Singapore Cuts Growth Forecast, Central Bank Eases Policy
(Updates with comment from economist in fourth paragraph.)
Oct. 14 (Bloomberg) -- Singapore cut its economic growth forecast for this year and predicted a further slowdown in expansion in 2012 as the global outlook weakens, prompting the central bank to ease its monetary policy stance.
Gross domestic product may increase 5 percent this year, compared with an earlier forecast range of 5 percent to 6 percent, the trade ministry said in a statement today.
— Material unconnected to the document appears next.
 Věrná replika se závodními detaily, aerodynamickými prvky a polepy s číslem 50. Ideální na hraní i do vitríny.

The Monetary Authority of Singapore, which uses the island’s dollar as its main tool to manage inflation, said it will reduce the slope of the policy band of its currency and continue with a modest and gradual appreciation.
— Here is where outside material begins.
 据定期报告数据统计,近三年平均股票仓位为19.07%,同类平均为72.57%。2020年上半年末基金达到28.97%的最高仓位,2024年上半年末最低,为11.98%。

The risk of another global recession erased $10 trillion of equities worldwide last quarter and prompted officials from China to Indonesia to boost fiscal measures or cut interest rates. With a potential Greek default threatening to disrupt world financial markets, Singapore is trying to stimulate growth just six months after its last monetary tightening, and the government said this week it will increase spending in the next five years.
“We expect central banks across the region to ease given increasing signs of a sharper global downturn,” Chua Hak Bin, a Singapore-based economist at Bank of America Merrill Lynch, said before the releases. “The smaller, more open economies are seeing the hit from the external slowdown. If things do turn for the worse, we can expect the Singapore government to respond with fiscal measures in the coming months.”
The Southeast Asian nation’s economy increased an annualized 1.3 percent last quarter from the previous three months, when it shrank a revised 6.3 percent, the trade ministry said. GDP expanded 5.9 percent from a year earlier, after rising 1 percent the previous quarter.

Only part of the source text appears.